The excitement was palpable even outside the festival grounds on Sunday morning. At a prominent downtown Raleigh mural that features grayscale renderings of Cole, Lamar, Drake, and Minaj, fans offered a wide range of commentary—from two young women who didn’t mind the sparring and called it “good for hip-hop,” to a dedicated Cole fan who kept his assessment blunt: “Man, fuck Kendrick!” 

As Nicki’s time-constrained set came to a close that evening, I hustled across the park with a naïve hope that I’d been misinformed and my Casa Bacardí rooftop dream was still alive. Approaching from the back, careful to not break stride or make eye contact with the Bacardí event staff, I walked up the stairs until miraculously, I had arrived: looking out over the Dix Park festival grounds, about to watch J. Cole perform, from the second-floor balcony of the Casa Bacardí. As the crowd filled in on the grass below, two of my fellow Casa-mates shouted out “Hello, peasants!” and waved at those beneath us. We basked in our temporary liquor-stand superiority.

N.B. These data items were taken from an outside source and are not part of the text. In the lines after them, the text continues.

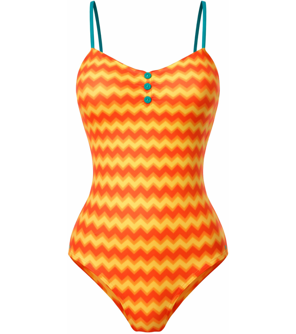Jednoczęściowy kostium kąpielowy dla kobiet z ciekawym wycięciem.
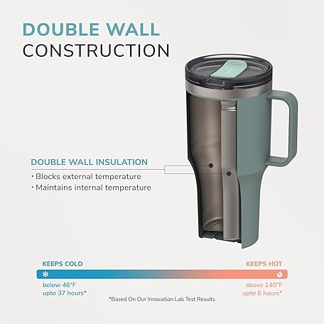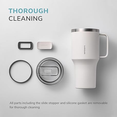 Thông tin sản phẩm LocknLock Metro Travel Mug, Premium 18/8 Stainless Steel Tumbler Cup for Hot and Cold Drinks, Double Wall Insulated with Handle and Lid, Ivory, 27oz
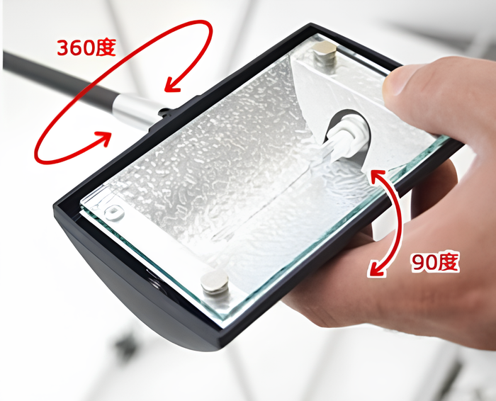 ライトの点灯部分は、上下に90度、左右に360度まで可動し、自由に角度を設定できます。
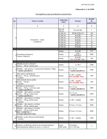 KF 236-5/11/PN Załącznik nr 1 do SIWZ Szczegółowy opis przedmiotu zamówienia Lp. Nazwa wyrobu Jednostka miary Format ILOŚĆ do zamówienia 1 2 3 4 5 2 x A-4 (2) 1 2/3 A-4 (2) x 2 A-3 (2) A-4 (1) A-4 (2) A-5(1) A-6 (1) A-6 (2) 129 60 2 5 10 12 14 A-3 (2) A-4 CZYSTY A-4 (2) WG WZORU NR 1 575 1 Formularze – druki na papierze bloczek 100 szt. bl.100 szt. bl.100 szt. bl.100 szt. bl.100 szt. bl.100 szt. bl.100 szt. bl.100 szt. Sztuka 2 Formularze kartonowe ( karton 190g/m2) Sztuka Sztuka 5000 100 3 Okładka do akt cywilnych (karton – 300 gr, zielony pas) Sztuka 4 Okładka – akta sprawy o wykroczenie (karton)- 250gr. + wpinka plastikowa Sztuka 55 x 35 cm + wpinka plastikowa 5500 Sztuka 2 x B4 + wpinka WG WZORU NR 2 300 Sztuka 2 x B4 + wpinka WG WZORU NR 3 100 Sztuka 55 x 35 cm + wpinka plastikowa 4000 Sztuka 55 x 35 cm + wpinka plastikowa 6500 Sztuka 2 x B4 + wpinka 6500 Sztuka 47,5cm x 31,5cm 5000 Sztuka 47,5cm x 31,5cm 5000 1000 Akta sprawy opiekuńczej 5 (karton – 250 gr., niebieski pas) + wpinka Akta kontroli okresu próby 6 (karton – 250 gr.) + wpinka Okładka do akt karnych 7 (karton – 250 gr., czerwony pas) + wpinka plastikowa Okładka – akta sprawy cywilnej 8 (karton – 250 gr, zielony pas) + wpinka plastikowa Okładka – akta sprawy cywilnej 9 (karton – 250 gr, zielony pas) + wpinka Okładka – akta sprawy cywilnej 10 (karton – 250 gr, zielony pas) Okładka – akta sprawy cywilnej (karton – 250 gr, zielony pas) 11 BEZ NADRUKU !! TYLKO ZIELONY PAS 2 x B-4 12 Okładka- teczka dozoru kuratorskiego + wpinka Sztuka 2 x B4 + wpinka 13 Koperta z nadrukiem adresowym (samoprzylepna) z potwierdzeniem odbioru do spraw cywilnych karton 1000 sztuk C6 koperta 114 x 162 mm 2500 2 14 Koperta z nadrukiem adresowym (samoprzylepna) z potwierdzeniem odbioru do spraw karnych Koperta czysta (samoprzylepna) z potwierdzeniem 15 odbioru – jednostronny nadruk - do komputera - do spraw cywilnych karton 1000 sztuk C6 koperta 114 x 162 mm 2 karton 1000 sztuk C6 koperta 114 x 162 mm WG WZORU NR 6 99 16 Potwierdzenie odbioru ( cywilne) – karton 140gr. Z taśmą samoprzylepną bloczek100 kartkowy A6 (2) 5 17 Potwierdzenie odbioru (karne) – karton 140gr. Z taśmą samoprzylepną bloczek100 kartkowy A6 (2) 63 bloczek100 kartkowy A6 (1) 177 bloczek100 kartkowy A6 (1) 474 Potwierdzenia odbioru do komputera (jednostronny nadruk) 18 - karton 140 gr. cywilne – z taśmą samoprzylepną na stronie niezadrukowanej Potwierdzenia odbioru do komputera (jednostronny nadruk) 19 – karton 140 gr. karne - z taśmą samoprzylepną na stronie niezadrukowanej szt. 20 Urządzenia ewidencyjne ( książkowe, twarda oprawaintroligatorska , okucia metalowe, szyte, numerowane ) szt. szt. A-4 50 kart. WG WZORU NR 4 A-4 100 kart. A-4 200 kartk. 1 szt. – -WG WZORU NR 5 1 1 6 Legitymacja kuratora społecznego szt. A6 50 Legitymacja służbowa dla pracowników z napisem i godłem (oprawa szt. A6 50 21 (oprawa w introligatorska) 22 introligatorska) INFORMACJE DODATKOWE: OPIS: 1. Okładka do akt o wymiarach 55 x 35cm + wpinka plastikowa - to okładka, która jest wgięta w środek , uzyskując w ten sposób wystający grzbiet w środku, do którego przytwierdzona jest wpinka plastikowa tzw. klips archiwizacyjny (opisany niżej). Okładka rozłożona ma wymiary 55 x 35zm, po złożeniu w sposób opisany wyżej ma wymiary 2 x B4. Wpinka plastikowa – to klips archiwizacyjny, dwuczęściowy, plastikowy przeznaczony do archiwizacji dokumentów, umożliwia szybkie i łatwe i wielokrotne dokładanie dokumentów;. 2. Okładka do akt o wymiarach 2 x B4 + wpinka - to okładka zgięta w pół z metalową blaszką i wąsami , które winny być przymocowane przy spojeniu z okładką w sposób trwały np. poprzez wklejenie dodatkowego paska wzmacniającego wytrzymałość. 3. Koperty z nadrukiem i potwierdzenia odbioru – a) wzory nadruku na kopercie oraz na potwierdzeniu odbioru powinny spełniać wymogi zatwierdzone i opracowane oraz ogłoszone przez Ministerstwo Sprawiedliwości. Wszelkie zmiany wzoru w trakcie realizacji umowy winny zostać niezwłocznie stosowane.; b) koperta czysta (samoprzylepna) z potwierdzeniem odbioru – jednostronny nadruk - do komputera - do spraw cywilnych – sklejenie zwrotki z kopertą winno być na stronie gdzie skleja się kopertę; wielkość po złożeniu koperty ze zwrotką nie powinna się różnić; UWAGA! W zależności od potrzeb, Zamawiający może zmieniać ilości zamawianych produktów w poszczególnych pozycjach przedmiotu zamówienia przy zachowaniu cen jednostkowych produktów podanych w ofercie oraz limitu maksymalnej ceny zamówienia ( przy czym zaokrąglenia będą korzystne dla Zamawiającego). Zmiany takiej będzie można dokonać przez doręczenie Wykonawcy stosownego oświadczenia.

It was going to plan, it seemed—until things got started. Plagued by the same microphone issues that had bedeviled other artists throughout the weekend, Cole’s opening words were inaudible, and sound complications would only continue as he soldiered through an unusually guest-heavy set that positioned him as a sidekick as often as the main star. 

It was more than an hour later—long after I’d been identified as not a member of the Bacardí team and politely asked to leave the rooftop—when Cole made the retraction heard around the world, calling his diss track from the week before the “lamest, goofiest shit.”

J. Cole performs his Sunday headlining set at Dreamville Fest. © Brett Villena 2024

There would be no clean satisfaction on this night: not an electric, galvanizing moment of taunting and saber-rattling, no shocking onstage truce with a guest appearance from Lamar. Only a hazy, disorienting fog, consisting of Dreamville mainstays “Love Yourz” and “No Role Modelz,” an obligatory sequence of fireworks, and then, nothing.

As the hushed masses trudged quietly off into the night, it was hard to tell if the collective zombie-like state was a product of the off-kilter headlining set we’d just seen (including multiple foreboding comments by Cole about only having “so many [Dreamville Fests] left in me”), the early-onset hangover after two long days of music, the late hour, or more likely, some combination of all three.